Samaraweera, an offspinner, turned out to be the tidiest of the bowlers. Zoysa was hopelessly wayward and lasted just 11 overs. Vaas, steady of line, seemed strangely sluggish of speed. The legspinner Upul Chandana, employed only reluctantly, mixed up his pace but was otherwise innocuous. Lasith Malinga, with his hard-to-detect low slinging action, should have been called on before the score had scaled 60. By then the batsmen were set, the initiative lost.
It was Malinga who ousted Ricky Ponting, who himself had been inclined to bowl first, when he wafted eagerly at a widish delivery and holed out at cover (2 for 290). He had looked utterly at ease since Hayden's departure, driving gunbarrel straight and packing up clinically in defence. Damien Martyn, at his most silky and sublime, followed the captain's example and scooted imperiously to his fifty in 56 balls.
Langer had punched the tropical air ecstatically after raising his hundred courtesy of a wild overthrow. He then faded contentedly into the background. He was the aggressor early, particularly severe on Zoysa's dismal early overs, launching into two savage pulls off the backfoot and two crunching cover-drives off the front. His lunchtime 56 comprised 10 fours, most drilled along the ground and all clumped with a muscular backswing.

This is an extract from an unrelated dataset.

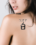 Fiona written horizontally from left to right in katakana with the meaning "White" written in kanji vertically in a

Still outpacing Hayden, he added another 62 in the second session but only 41 between tea and stumps, battening down with intent. Everything Langer did today - from the manner in which he power-walked off for lunch, to the way he returned after tea wrapped in a sleeveless sweater - bore the image of man who planned to carry on and on.
For those of a masochistic bent, tomorrow might be well worth watching.
Christian Ryan is the editor of Wisden Cricinfo in Australia.